Family and friends can provide emotional support for people with Scleroderma, supporting them to follow recommended treatment programs and help carry out difficult activities.

Join a support group for Scleroderma, such as the one who joins the Scleroderma Foundation of Indonesia, people with Scleroderma can meet and exchange information with others who have similar problems, and to learn more about Scleroderma.

· Is there hope and help for people with Scleroderma? Firmly, YES!

There are many treatments and medications available to help people with scleroderma and many doctors are getting interested in this disease.
Researchers around the world are intensifying their efforts to discover the cause of Scleroderma, to find better treatment for prevention and treatment.

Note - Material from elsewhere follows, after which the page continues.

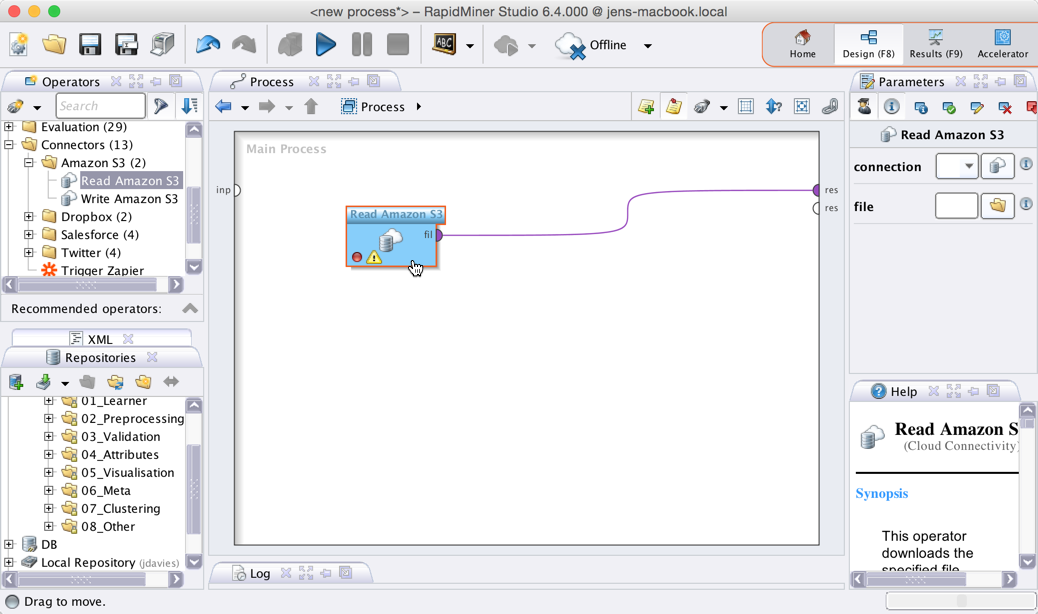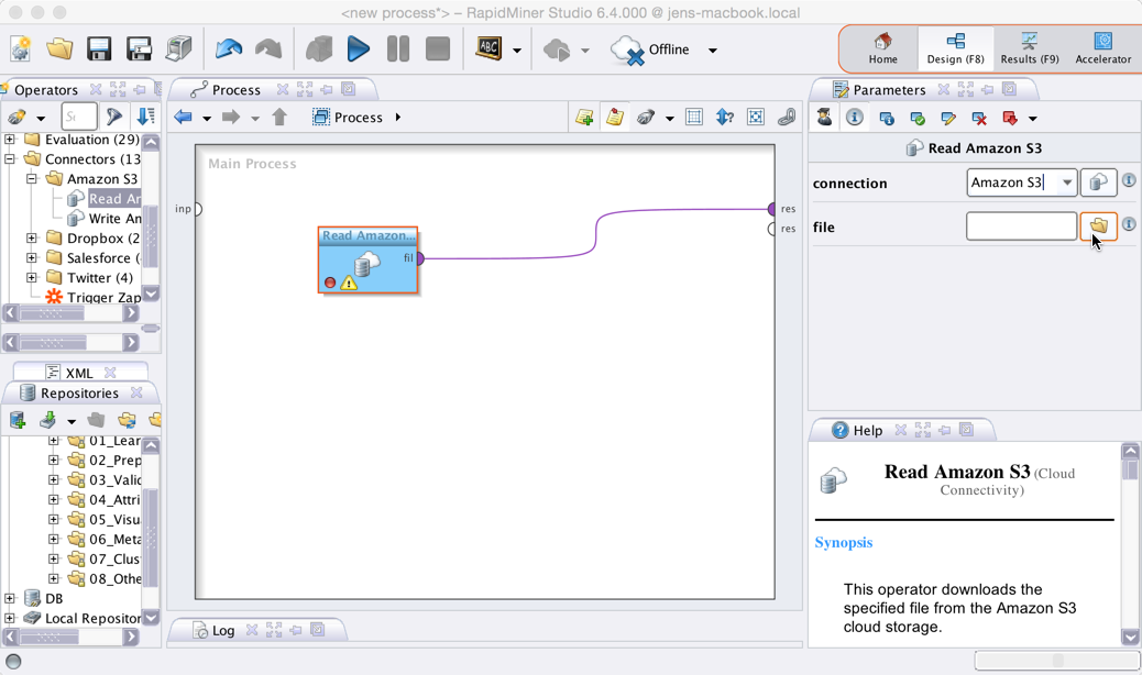 The Amazon S3 Connector allows you to access your Amazon S3 storage directly from RapidMiner Studio. Both read and write operations are supported. This document will walk you through how to: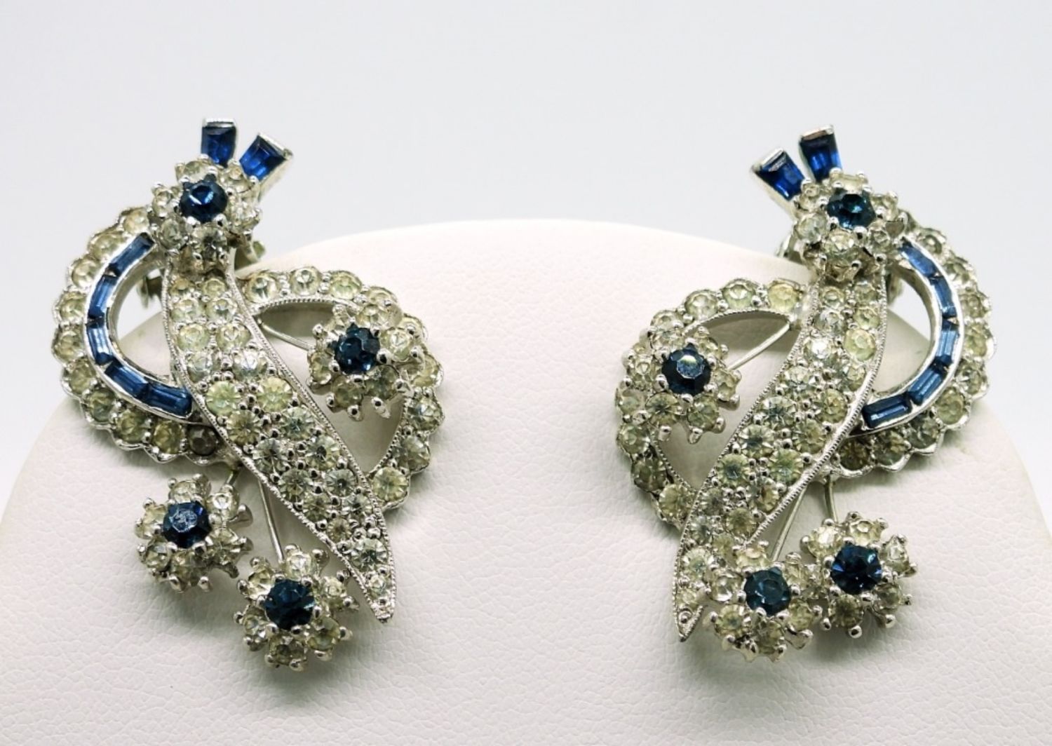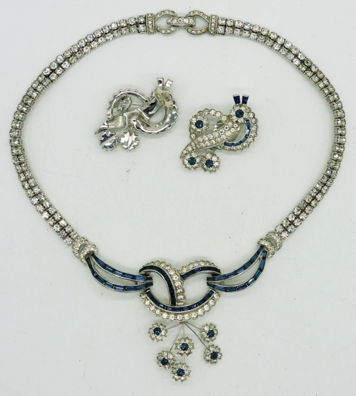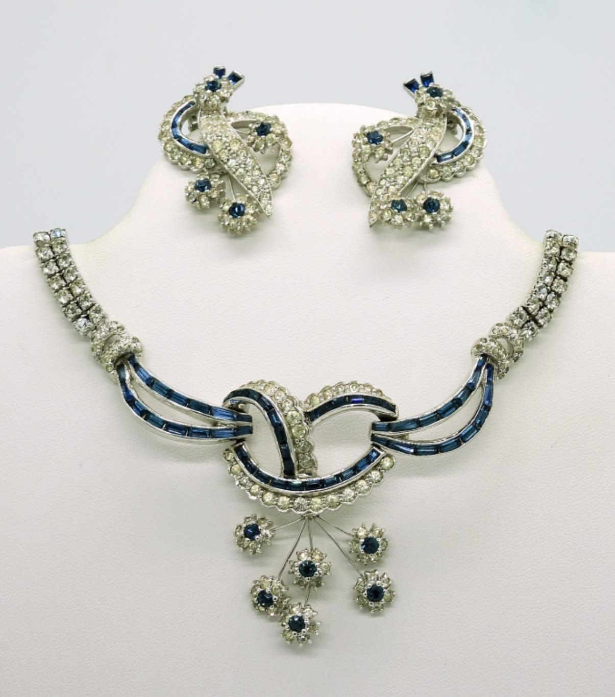 This incredibly beautiful set is “Jomaz” Brand and in incredible condition! Blue and White Rhinestones decorate every inch of the Necklace and Earrings. Necklace measures 14.5″. Earrings are Clip On.

Travel Scleroderma Disease

Scleroderma has many forms and a number of different symptoms that can be seen singly or in various combinations at various times during the course of the disease. Some symptoms develop in a relatively quick time; while others take years to develop. The course of the disease is definitely unpredictable, and the prognosis will vary from individual to individual. Systemic scleroderma is a chronic illness for life. Currently there is no cure that can cure Scleroderma, but like other chronic diseases, there are many ways to control the symptoms that arise. Many people with this disease have minimal symptoms and can approach normal people.
There are times when people with Scleroderma will be free of disturbing symptoms and feel healthy for a long time (remission). Spontaneous advances may occur, especially on the skin, may soften and become more flexible after several years of treatment.